Interesting to see that by adding one more document, it could return all records with the same score. Do you know why that would make a difference here?

Jason_Tran · April 27, 2023, 3:52am

Hi @williamwjs

As per my previous reply:

I believe in the example with 6 documents (3 docs containing "storage" and 3 docs containing "school"), the amount of docs matching "storage" is the same as the amount of docs matching "school" out of the total of 6 docs (3/6 vs 3/6). In the example with 5 docs, its (2/5 for “storage” and 3/5 for “school”).

I believe you will then get a different set of results yet again if I had added another document with "storage" (total of 7 documents, 4 containing "storage").

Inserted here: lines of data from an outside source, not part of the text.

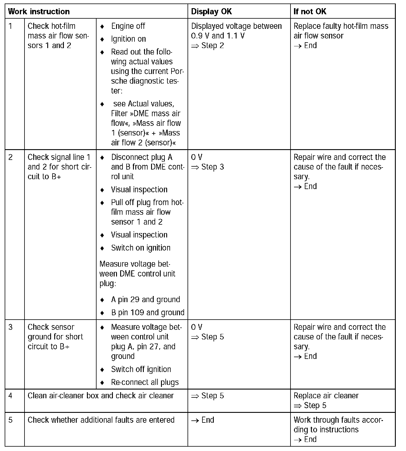 - Hot-film mass air flow sensor 1 and / or 2 faulty (setpoint voltage with stopped engine and ignition on = 0.9 to 1.1 V) --> see Actual values, Filter [[DME mass air flow]], [[Mass air flow 1 (sensor)]] + [[Mass air flow 2 (sensor)]]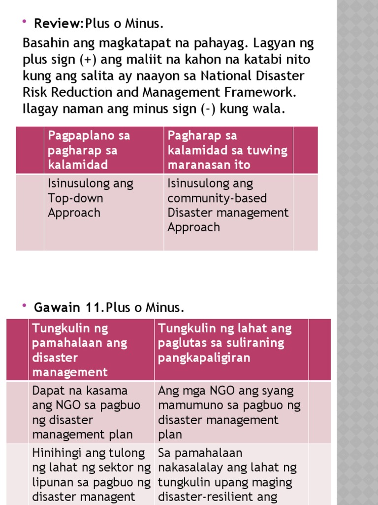 Ano ang community based disaster risk reduction management plan. Disaster Prevention and Mitigation C. 1Ano ang huling yugto ng Community-Based Disaster Risk Reduction and Management Plan. Edilberto Fajardo isang Philippine Red Cross volunteer at namamahala sa disaster risk reduction and management sa aming barangay.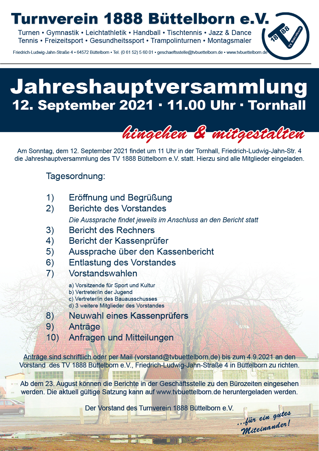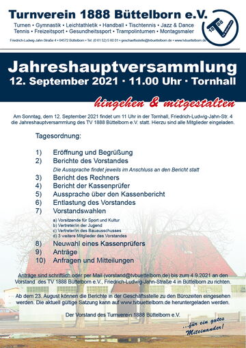 Am Sonntag, dem 12. September findet um 11 Uhr in der Tornhall die diesjährige Jahreshauptversammlung statt. Hierzu sind alle Mitglieder recht herzlich eingeladen.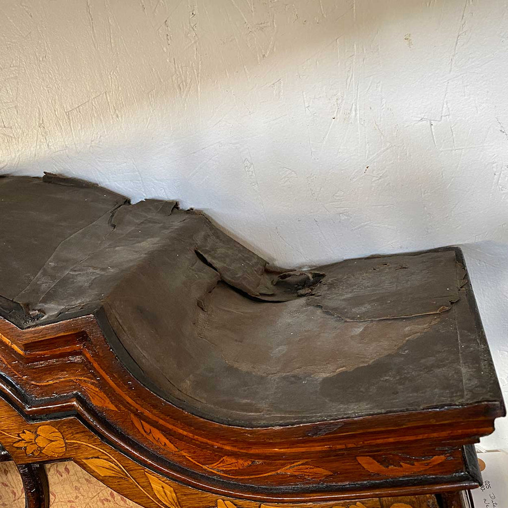 Note: some lacquered fabric lifting (top of case). Some shrinkage cracks.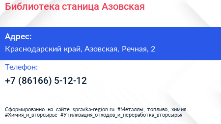 Библиотека, станица Азовская по адресу Краснодарский край, Азовская, Речная, 2 в дальнейшем Организация, размещена в следующих категориях:

You can test to verify if you wish.

Regards,
Jason

Jason_Tran · April 27, 2023, 3:57am

Tested it out with 7 docs just now :

[
  { tags: [ 'school' ], score: 0.44143030047416687 },
  { tags: [ 'home', 'school' ], score: 0.44143030047416687 },
  { tags: [ 'school', 'office' ], score: 0.44143030047416687 },
  { tags: [ 'storage' ], score: 0.3072332739830017 },
  { tags: [ 'office', 'storage' ], score: 0.3072332739830017 },
  { tags: [ 'storage' ], score: 0.3072332739830017 },
  { tags: [ 'storage', 'test' ], score: 0.3072332739830017 }
]

williamwjs · April 27, 2023, 4:01am

Also, one issue with "score": { "constant" : { "value" : 1} } is that, it would set the score to be the same for all the matching ones.

But my intention is to do a search with multiple factors, for example:

{
    $search: {
      "compound": {
        "should": [
         "near": {
            "path": "quantity",
            "origin": 350,
            "pivot": 400
         },
         "queryString": {
            "defaultPath": "tags",
            "query": "school OR storage"
         }]
      }
    }
  }

so that the result score is the combined factoring of the two “should” clauses here.
(Let me know if this makes sense to you )

Any suggestions on this?

Thank you!

Jason_Tran · April 27, 2023, 4:13am

Are you saying that the constant scoring option would cause the near to return the same results? I think you would just need the constant on the queryString portion and not the near operator. For example, output using constant only on queryString:

[
  { quantity: 350, tags: [ 'school', 'office' ], score: 2 },
  {
    tags: [ 'office', 'storage' ],
    quantity: 50,
    score: 1.5714285373687744
  },
  {
    quantity: 15,
    tags: [ 'home', 'school' ],
    score: 1.5442177057266235
  },
  { quantity: 5, tags: [ 'school' ], score: 1.5369126796722412 },
  { quantity: 5, tags: [ 'storage' ], score: 1.5369126796722412 }
]

The $search used for above:

db.tags.aggregate({
    "$search": {
      "index": "tagsindex",
      "compound": {
        "should": [{
          "near": {
            "path": "quantity",
            "origin": 350,
            "pivot": 400
          }
         },{
          "queryString": {
            "defaultPath": "tags",
            "query": "school OR storage",
            "score": { "constant" : { "value" : 1} }
          }
          }
      ]
    }
  }
},
{
  "$project": {
    "_id": 0,
    "tags": 1,
    "quantity": 1,
    "score": { "$meta": "searchScore"}
  }
})

williamwjs · April 27, 2023, 5:29am

You are right! It could reflect.
Initially I set the constant value to be 10, thus, for some reason, all the results would have the same score. After changing to 1, it would work now.

Thank you so much for all your help!!!

system · May 2, 2023, 5:30am

This topic was automatically closed 5 days after the last reply. New replies are no longer allowed.